腐っているのは私です。
ご存知の方はご存知かと思いますが、私、一時期腐っている作品たちを量産しておりました。今は、全年齢向けの作品が多いですけど。
時々ほのかにそういった香りのするお話を書きます。おほほ。
なので、今回はそういった萌目線で水滸伝を眺めてみました。
「そんなの、ありえない。許せん!」
という方は、この先は読んではいけません。
(あ、でも全く色っぽくはないので、逆に期待されても困ります)
考えてもみてくださいよ。
水滸伝って、男ばっかりなんですよ。
少しは女性もいますけど。
先の居酒屋のドロンジョ様、張青の妻孫二娘だとか、美人でありながら騎兵も率いたという、姐さんの扈三娘とか。
でも、男性に比べたら雀の涙ほどの少なさなんです。
もうね、腐った方々に、妄想してくれと言わんばかりのキャスティングじゃあないですか。

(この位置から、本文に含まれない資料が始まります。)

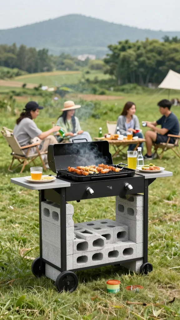 Do you love grilling while traveling? A portable cinder block grill station is a fantastic option for those who want to take their cooking on the go. This design allows you to easily dismantle and transport your grill setup, making it perfect for tailgating, camping, or backyard parties.

私が今の所、一番萌える設定なのは、虎殺しの武松ですよ。
彼には兄がいるんです。
武松は身体が大きく、がっしり男前なんですが、お兄さんの武大は、150センチ位しか身長がなくて
「うそでしょ、二人って、兄弟だったんですか!?」
って、言われちゃうくらい似てないんです。
大酒飲みで正義感が強くて喧嘩っ早い弟の武松。優しくて、真面目で弟思いの兄武大。
……おそらく、腐っていると言われる貴腐人の方々は、この設定を聞いただけでご飯三杯はいけるはず……。

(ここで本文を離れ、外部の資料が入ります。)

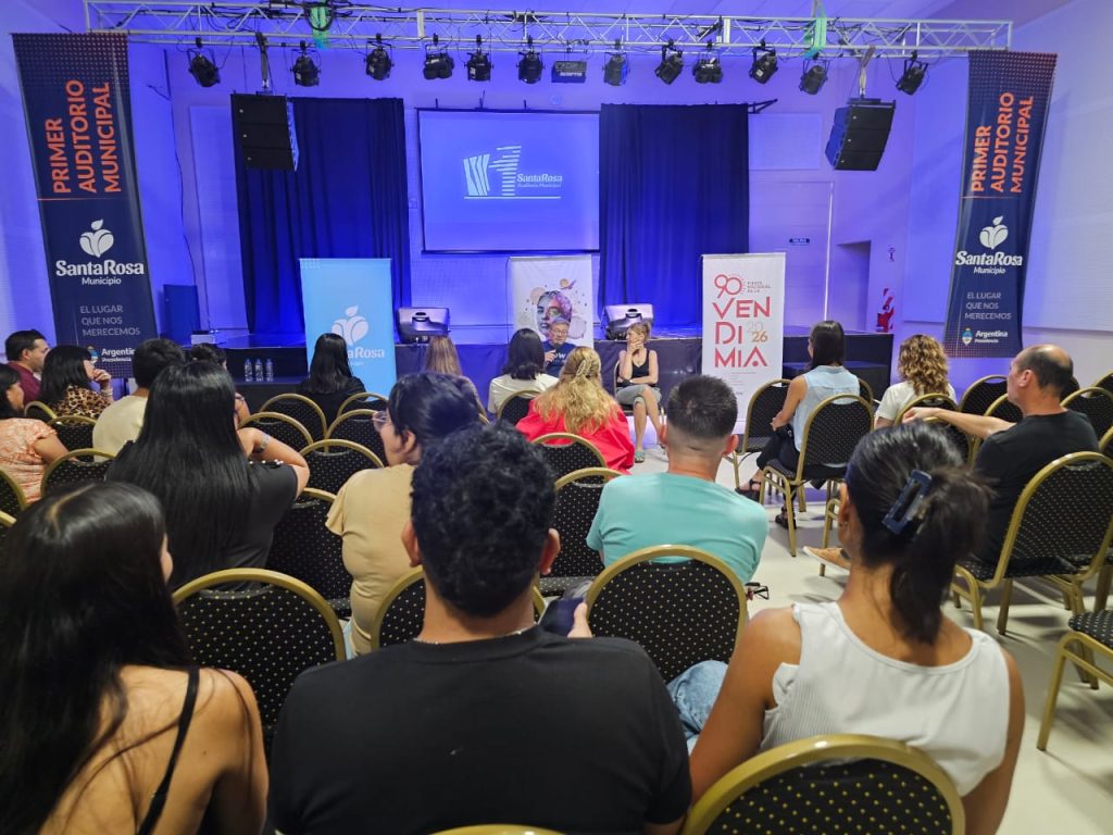 Entre los asistentes participaron comunicadores, locutores, periodistas, técnicos, docentes y una candidata a reina departamental, lo que aportó diversidad de miradas y experiencias al trabajo formativo. También estuvieron presentes autoridades locales, entre ellas Lucrecia Pereyra, directora de Cultura de Santa Rosa, acompañada por su equipo de trabajo, y Daiana Cano, coordinadora del Auditorio Municipal.

「お兄ちゃん、もうお腹いっぱいだから、お前が食べなよ」
なんて言いながら、武大はいつだって、自分は我慢してきたんです。武松のために。
だからこそ、チビで周りから馬鹿にされている兄のことを、武松は大好きなわけですよ。
本当に水滸伝の作者さん、ツボを良く知ってらっしゃる。
武松は役人としての仕事で二ヶ月ほど出張するんですけど、それだって腐ったフィルターを通すと
「美人の奥さんと暮らす兄を、そばで見ていられなかったのね!」
となってしまいそう。
しかし、その美人の奥さまがくわせものだった!
官能小説「金瓶梅」の主人公のひとりでもある潘金蓮そのひとです。(←水滸伝のスピンオフ作品ってウィキさんには書いてあった! 私は読んだことはないです)
夫である武大がまんじゅうを売っている間に、薬問屋の西門慶と浮気三昧の日々。それどころか、夫の弟の武松にまで色目を使う好きものです。
武松が出張に行く前に
「姉さん、どうか兄を大切にしてやってください」
なんて言ったものだから、逆に潘金蓮の怒りの炎を燃え上がらせてしまうのです。
「なんですって! 私が夫を大切にしてないとでも言うの? 夫のやつが告げ口したのね!」
です。
あれですよ。虐待していた人が、虐待を指摘されると、余計に暴力がひどくなるという現象です。今も昔も同じなんですね。
そして、武松が留守の間に、浮気相手西門慶と共謀して、武大を殺してしまうのです。
水滸伝には、登場人物の豪傑たちが落ちる瞬間というのがあります。
もともと悪い奴らも多いのですが、林冲や武松は、もとはと言うと正義感が強く、役人だったり体制側の人間だったりするのです。そういった人物が、絶望し、落ちる瞬間。それも水滸伝の魅力でしょう。
林冲ですと、自分を暗殺しようとした牢番人の心臓を、棒で一突きにした、その瞬間でしょう。
そして武松が落ちるのは、兄が殺されたのだと、知ったときでしょう。
「今日限りで仕事を辞める」
と職を辞し、武松は義姉と西門慶を斬り殺します。
まるでただの作り物のように転がる二つの首。
その首を兄の墓前に供え、自首する武松。このとき、兄とともに、武松の中にあった何かが、一緒に消えたのかもしれません。
そしてその後、人肉饅頭売の張青夫妻とめぐりあうのです。